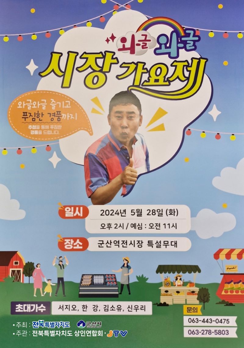 [군산=뉴??북] 전북특별자치도와 군산시가 주최하고, 전북상인연합회와 JTV전주방송이 주관하는 ‘와글와글 시장가요제’ 역전시장 편이 오는 5월 28일 군산 역전시장 내 주차장 특설무대에서 개최된다.
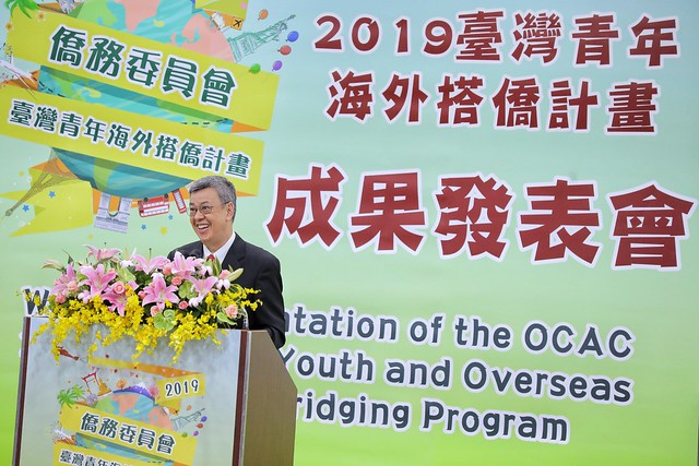 陳建仁副總統今(21)日下午出席「僑委會108年臺灣青年海外搭僑計畫」成果發表會,期許大家能夠將參加搭僑計畫的歷練及心得,拿來自我茁壯,不斷充實自我,未來透過不同的專業與能力,讓世界看見臺灣。
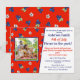 A fun summer red, white, and blue Fourth of July picnic personalised invitation. Featuring hand drawn watercolor blueberries and flowers on a bold red background. Find more kitschy summer blueberry picnic party supplies in my store. Original art by Leslie Larson.
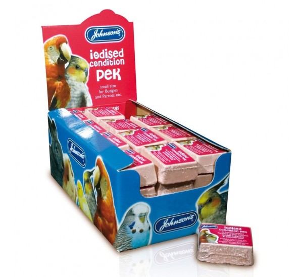 Johnson's Iodised Condition Peks are a supplementary pet food for small cage and aviary birds. These blocks contain iodine, grits, seaweed extract, calcium, yeast, vitamins and minerals to help keep your bird in the best of health.
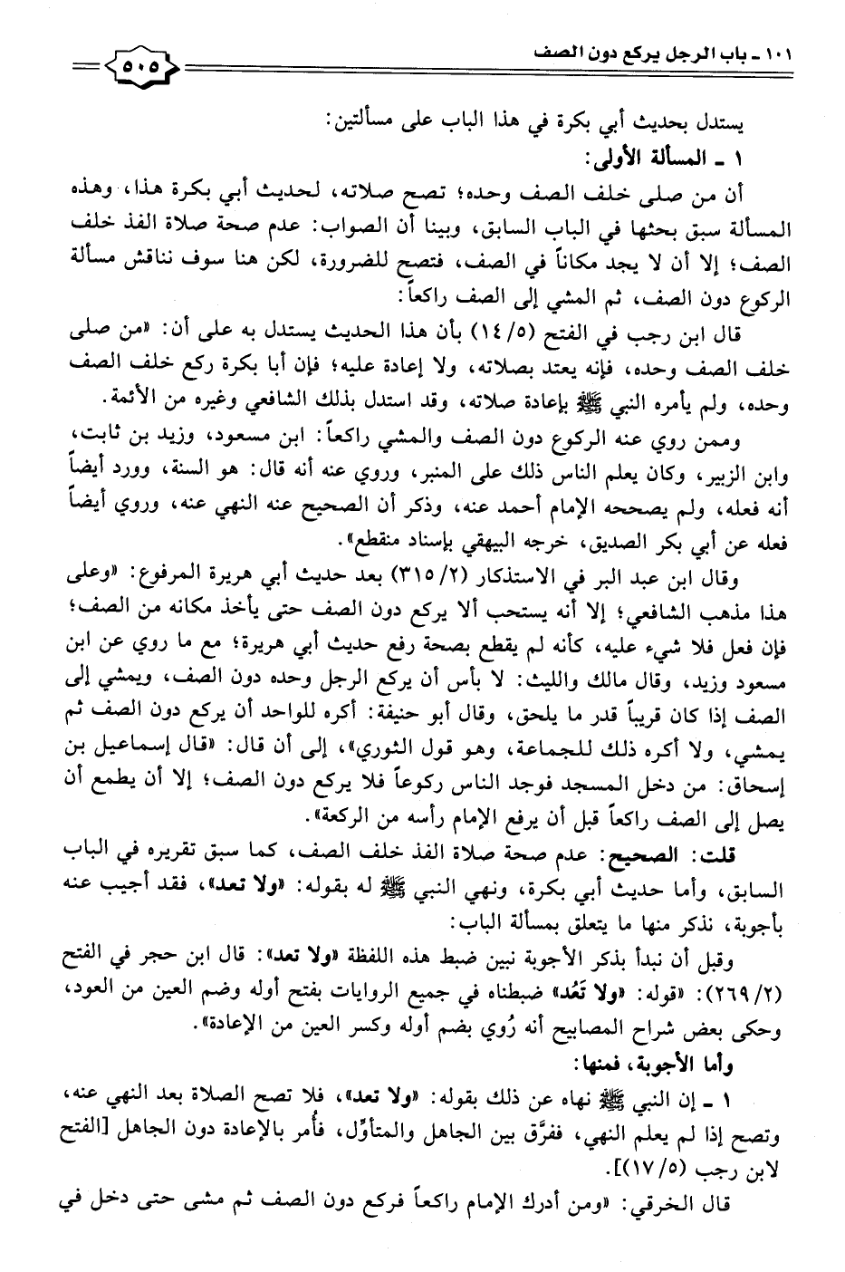 قلت: الصحيح: عدم صحة صلاة الفذ خلف الصف، كما سبق تقريره في الباب السابق، وأما حديث أبي بكرة، ونهي النبي - صلى الله عليه وسلم - له بقوله: "ولا تعد"، فقد أجيب عنه بأجوبة، نذكر منها ما يتعلق بمسألة الباب:
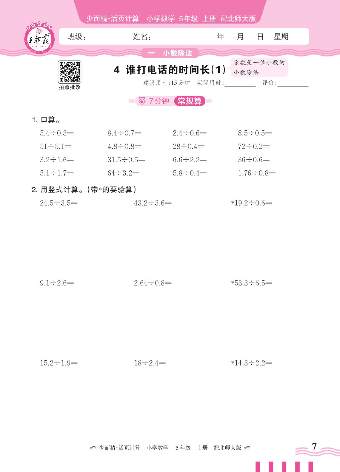 2024秋上册五年级数学北师版 第一单元 小数除法——4. 谁打电话的时间长(1)_R240819100433433
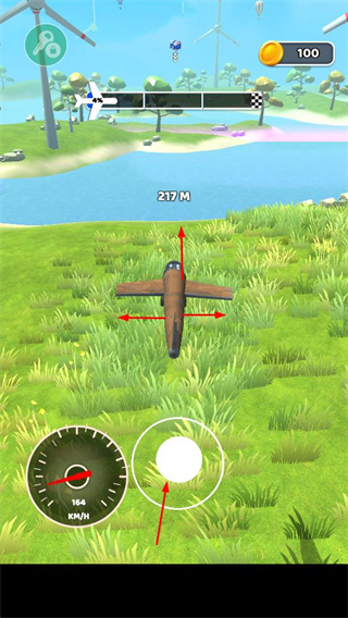 2、點(diǎn)擊飛行按鈕操控飛機(jī)起飛,在草地、水域等不同場景中飛行,通過操作控制飛機(jī)的飛行方向和高度。
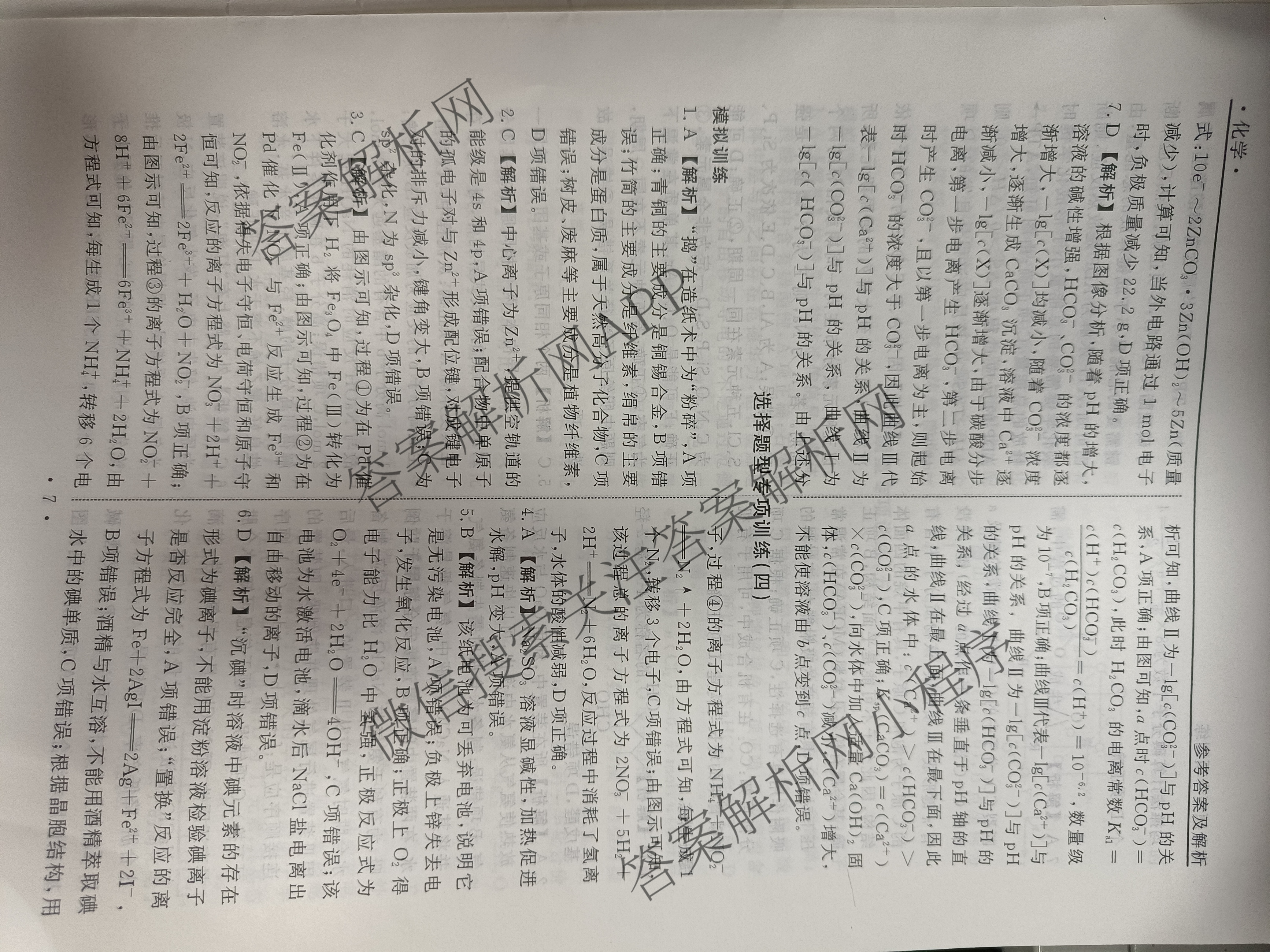 衡水名师卷2024年普通高等学校招生全国统一考试 选择题型专项训练 化学(三)3答案
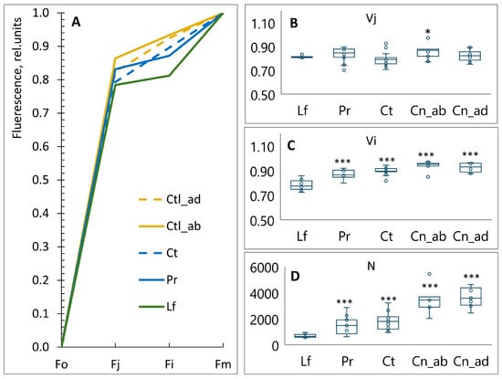 OJIP chlorophyll fluorescence kinetics in leaves (Lf), pericarps (Pr), coats (Ct), abaxial region of cotyledons (Ctl_ab), and adaxial region of cotyledons (Ctl_ad) of pea plants: (A) Chl fluorescence curve. Fo is fluorescence intensity at 50 μs. FJ is fluorescence intensity at 2 ms. Fi is fluorescence intensity at 30 ms. Fm is maximal measured fluorescence intensity. The data were scaled from zero to one. (B) Vj is relative variable fluorescence at the J step. (C) Vi is relative variable fluorescence at the I step. (D) N is. Box plots calculated from 17 biological replicates. Outliers are represented as white dots. Significant differences compared to leaves are indicated (*** p ≤ 0.001, * p ≤ 0.05).
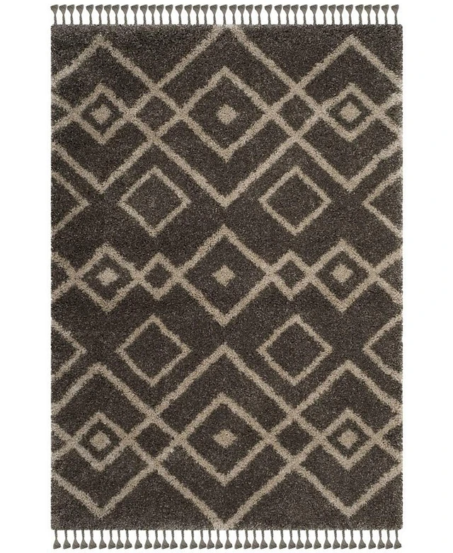 Safavieh Moroccan Fringe Shag MFG249 Gray and Cream 5'1" X 7'6" Area Rug

──────────────────────────────

(Task objective) Write out every entry again word for word, without any of the pictures.

(Answer below)
 [군산=뉴??북] 전북특별자치도와 군산시가 주최하고, 전북상인연합회와 JTV전주방송이 주관하는 ‘와글와글 시장가요제’ 역전시장 편이 오는 5월 28일 군산 역전시장 내 주차장 특설무대에서 개최된다.
 陳建仁副總統今(21)日下午出席「僑委會108年臺灣青年海外搭僑計畫」成果發表會,期許大家能夠將參加搭僑計畫的歷練及心得,拿來自我茁壯,不斷充實自我,未來透過不同的專業與能力,讓世界看見臺灣。
 A fun summer red, white, and blue Fourth of July picnic personalised invitation. Featuring hand drawn watercolor blueberries and flowers on a bold red background. Find more kitschy summer blueberry picnic party supplies in my store. Original art by Leslie Larson.
 Johnson's Iodised Condition Peks are a supplementary pet food for small cage and aviary birds. These blocks contain iodine, grits, seaweed extract, calcium, yeast, vitamins and minerals to help keep your bird in the best of health.
 قلت: الصحيح: عدم صحة صلاة الفذ خلف الصف، كما سبق تقريره في الباب السابق، وأما حديث أبي بكرة، ونهي النبي - صلى الله عليه وسلم - له بقوله: "ولا تعد"، فقد أجيب عنه بأجوبة، نذكر منها ما يتعلق بمسألة الباب:
 2024秋上册五年级数学北师版 第一单元 小数除法——4. 谁打电话的时间长(1)_R240819100433433
 2、點(diǎn)擊飛行按鈕操控飛機(jī)起飛,在草地、水域等不同場景中飛行,通過操作控制飛機(jī)的飛行方向和高度。
 衡水名师卷2024年普通高等学校招生全国统一考试 选择题型专项训练 化学(三)3答案
 OJIP chlorophyll fluorescence kinetics in leaves (Lf), pericarps (Pr), coats (Ct), abaxial region of cotyledons (Ctl_ab), and adaxial region of cotyledons (Ctl_ad) of pea plants: (A) Chl fluorescence curve. Fo is fluorescence intensity at 50 μs. FJ is fluorescence intensity at 2 ms. Fi is fluorescence intensity at 30 ms. Fm is maximal measured fluorescence intensity. The data were scaled from zero to one. (B) Vj is relative variable fluorescence at the J step. (C) Vi is relative variable fluorescence at the I step. (D) N is. Box plots calculated from 17 biological replicates. Outliers are represented as white dots. Significant differences compared to leaves are indicated (*** p ≤ 0.001, * p ≤ 0.05).
 Safavieh Moroccan Fringe Shag MFG249 Gray and Cream 5'1" X 7'6" Area Rug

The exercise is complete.